I realize that our currency value is not in the price of the metals.  However, the price of metals are tangible.  The coins quarters from 1932-64 that are composed of silver have been able to retain purchasing power.  The currency we have today has not been able to do the same.

I heard a story that 50 years ago, you could buy a fine Italian suit for 1 ounce of gold.  Today, you can buy a fine Italian suit for 1 ounce of gold.  I remember that I could buy a gallon of gas for a dollar back in the 90s.  Then in 2002 it cost me $1.50.  Now it is over $3.50 even $4.00 per gallon of gas.

You all have heard that as soon as you drive your new car off the lot that instantly you lose $3000 or something to that effect.  Why is that?  Was it depreciation of the vehicle?  I do not think so...because had that car sat in the parking lot one extra day, it would have not lost $3000.  So what happened?

The object that you purchased with your money wasn't ever worth the amount that you paid for.  In fact, I would suggest that the different might be the dealership's profit.

Getting back to currency we have today.  Our dollars are made out of paper and no real difference exists between a $1 or $100 with the exception of an idea that one is worth more than the other.  We as a country have accepted this.

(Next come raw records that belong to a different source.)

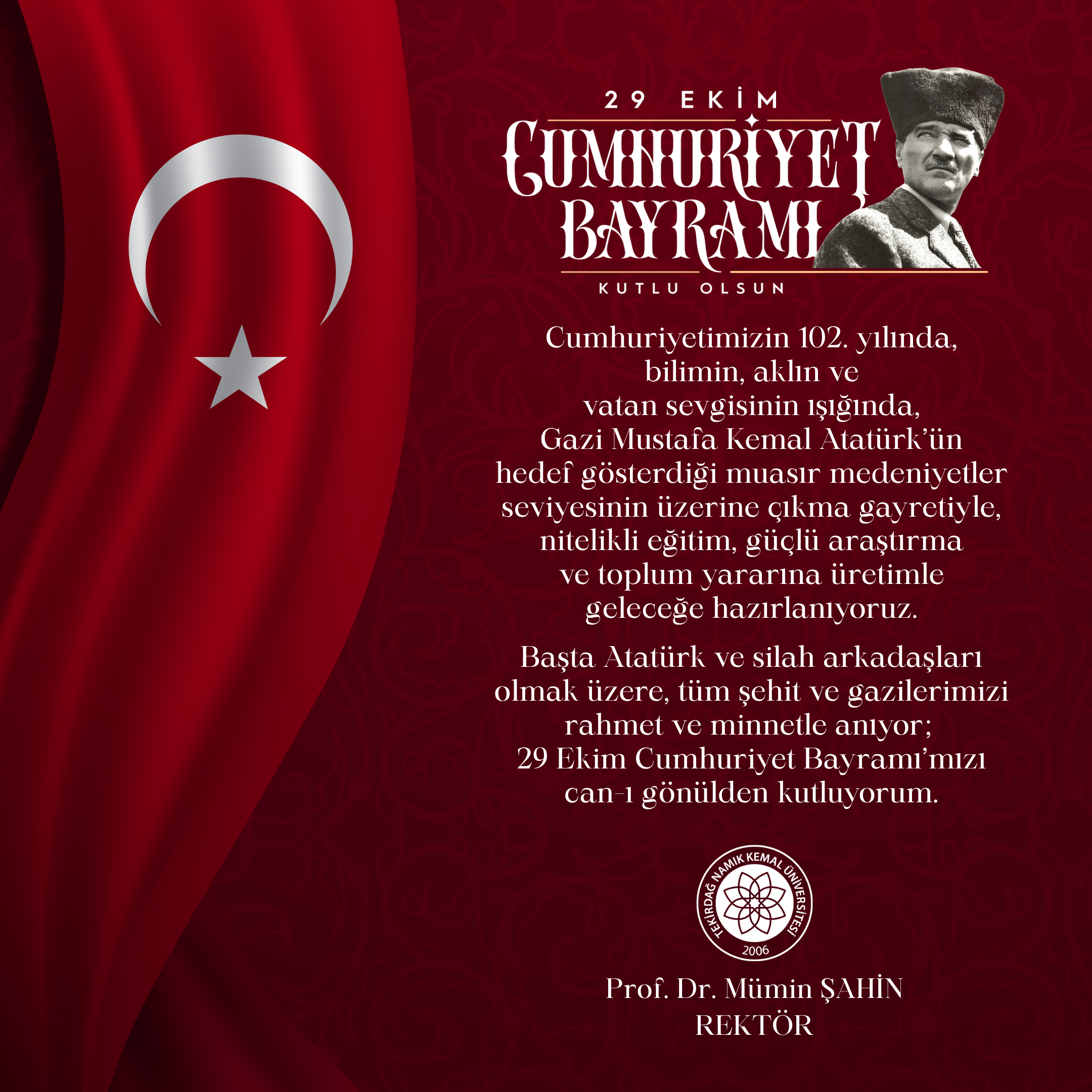 Tekirdağ Namık Kemal Üniversitesi Rektörü Prof. Dr. Mümin Şahin, 29 Ekim Cumhuriyet Bayramı dolayısıyla yayımladığı mesajda, Cumhuriyetin 102. kuruluş yıldönümünü büyük bir gurur ve coşkuyla kutladıklarını belirtti.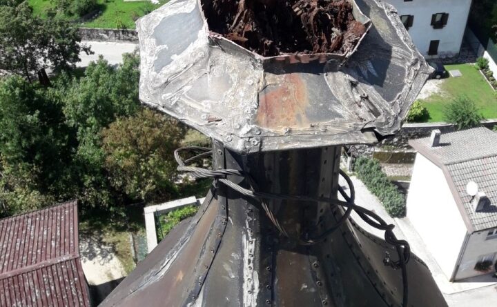 Sul posto è dapprima giunta una squadra del distaccamento di Gemona del Friuli e successivamente è sopraggiunta un’autoscala dalla sede centrale di Udine. Raggiunta la sommità gli operatori hanno dapprima valutato la situazione, verificando che effettivamente il punto di fissaggio del manufatto in ferro sulla sommità della guglia in legno non garantiva l’ancoraggio in quanto il legno era completamente marcio. A questo punto si è deciso di procedere con il taglio della croce a pezzi mediante l’utilizzo di una troncatrice a disco. I singoli spezzoni sono stati quindi adagiati sul cestello dell’autoscala e trasportati a terra. La guglia è stata quindi ricoperta con un telo flessibile per impedire infiltrazioni d’acqua.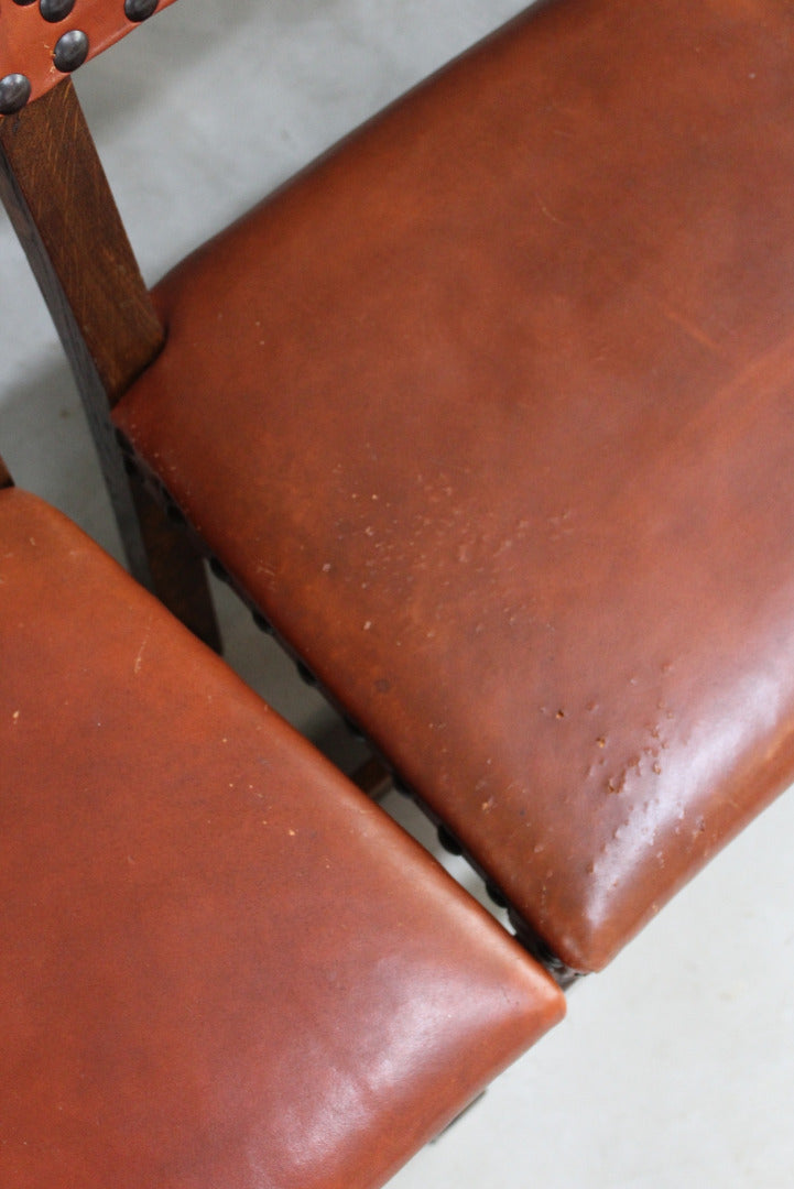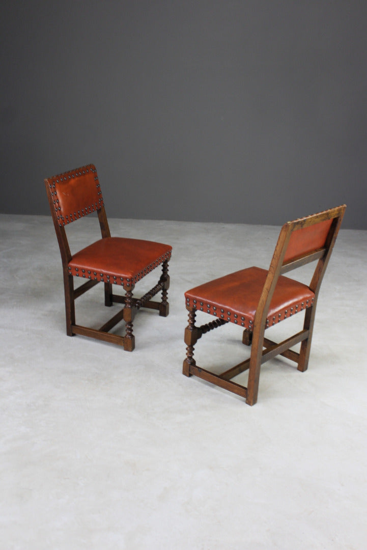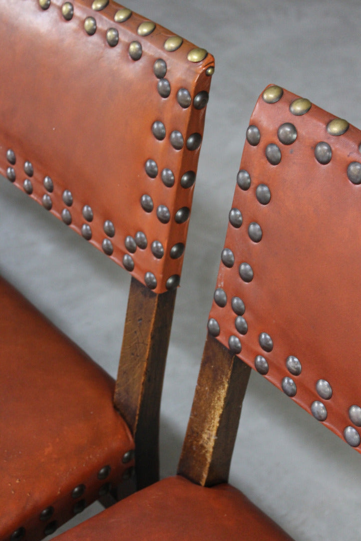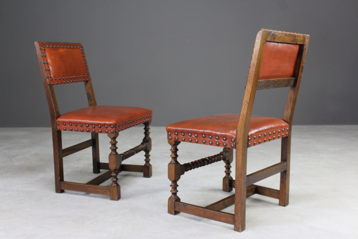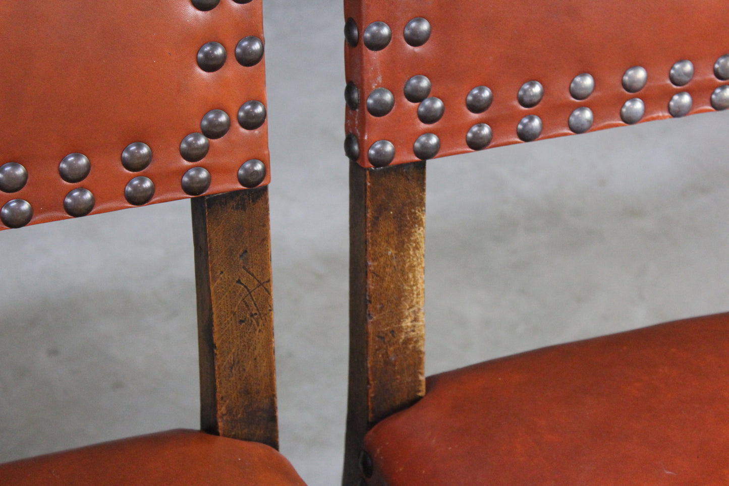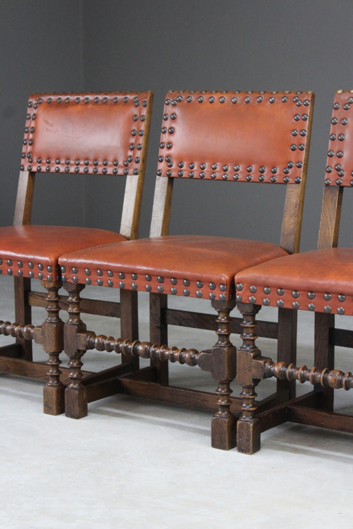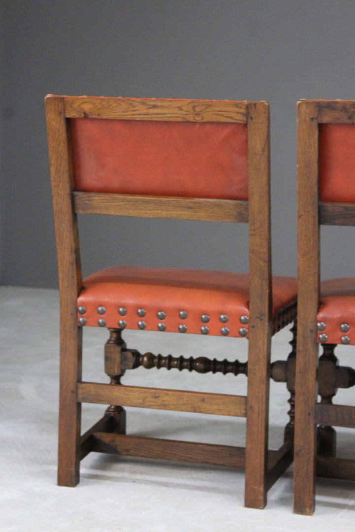 Set 4 Cromwellian design dining chairs. 4 Early 20th Century Cromwellian design dining chairs, Upholstered in orange/copper vinyl with large upholstery studs on turned & block legs.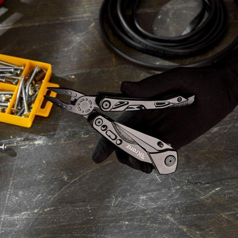 Мультитул 10 в 1 KRANZ – это многофункциональный инструмент, который используется для выполнения широкого спектра действий. Популярен среди специалистов многих областей, а также в быту. Удобный, легкий и компактный инструмент выполнен из нержавеющей стали 420 и оснащен алюминиевой ручкой. Вес: 361 г. Комплектация мультитула: 1. Длинногубцы 2. Плоскогубцы 3. Кусачки 4. Крестообразная отвертка 5. Напильник по металлу с плоской отверткой 6. Открывалка для бутылок 7. Ножницы 8. Резак ремня безопасности 9. Нож 10. Огниво со свистком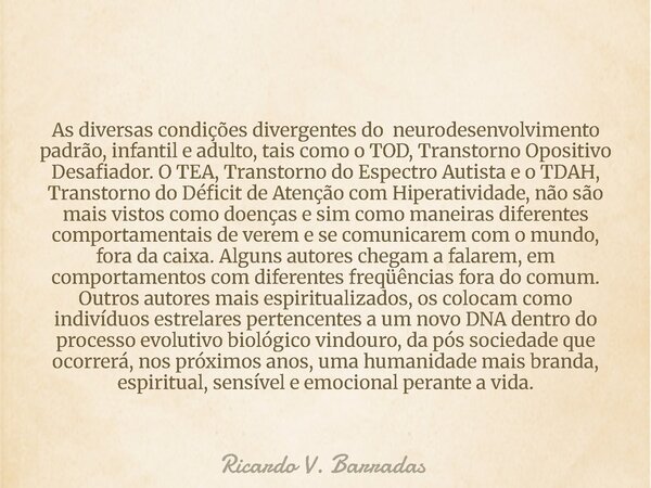 As diversas condições divergentes do neurodesenvolvimento padrão, infantil e adulto, tais como o TOD, Transtorno Opositivo Desafiador. O TEA, Transtorno do Espectro Autista e o TDAH, Transtorno do Déficit de Atenção com Hiperatividade, não são mais vistos como doenças e sim como maneiras diferentes comportamentais de verem e se comunicarem com o mundo, fora da caixa. Alguns autores chegam a falarem, em comportamentos com diferentes freqüências fora do comum. Outros autores mais espiritualizados, os colocam como indivíduos estrelares pertencentes a um novo DNA dentro do processo evolutivo biológico vindouro, da pós sociedade que ocorrerá, nos próximos anos, uma humanidade mais branda, espiritual, sensível e emocional perante a vida.

What happens if a country decides to create lots more money?  Well, you could have hyperinflation like Zimbabwe.  Another example of throwing money at a problem.  You could become a billionaire pretty easy in Zimbabwe. 

This sort of thing would not happen under a gold standard.  Under the gold standard, paper notes are convertible into pre-set, fixed quantities of gold.  If you saw lots of currency being easily available, then people would start exchanging currency for gold.  It wasn't perfect, but at least you knew that you would lose purchasing power if you kept your dollars under your mattress.

I can here people thinking...why would you want to do this?  Well, if you don't trust banks, where else would you put it?  Perhaps a tin can and bury the can in your backyard.  Create a treasury map to find your gold.  Hey...it worked for pirates.  Because for you to actually believe you can get something for nothing...well let me tell you that you've been lied to all these years.

I'm certain people have been told that you can put money in the bank or CD, and you'll make money.  Well, this isn't the case.  After all...what did you do to earn this money?  Should you really deserve additional purchasing power by giving your money to the bank?  Does this make any sense?

If you do a job for someone.  Let's say you work on a farm.  All you do is collect eggs and feed chickens.  In return you get a place to sleep and 3 meals a day.  The farmer doesn't care how long it takes...the pay is the same.  You are only working 20 hours per week for this job. You do this for a year.  The next year rolls around.  The farmer asks if you could milk the cows as well.  The farmer said he will pay you $100 per month to milk the cows.  You tell the farmer that you will not milk the cows, and expect a $50 raise to collect eggs and feed chickens.  This year it only takes you 15 hours per week to do the job.

Is it fair?

My answer is no.  It wouldn't be fair to the farmer.  You are doing the same job.  You receive the same pay.  Since you are not being paid in dollars...inflation is not a factor for you.  However, you actually increased your productivity, and could look for another job if you wanted to enhance your situation.

Since the gold standard doesn't exist anymore, it is one of the reasons why the rich get richer, and the poor get poorer.  For every dollar created, reduces your purchasing power.  Thus requires you to work more to maintain the same standard of living.

This is one of my problem with the current system.  Feel free to criticize.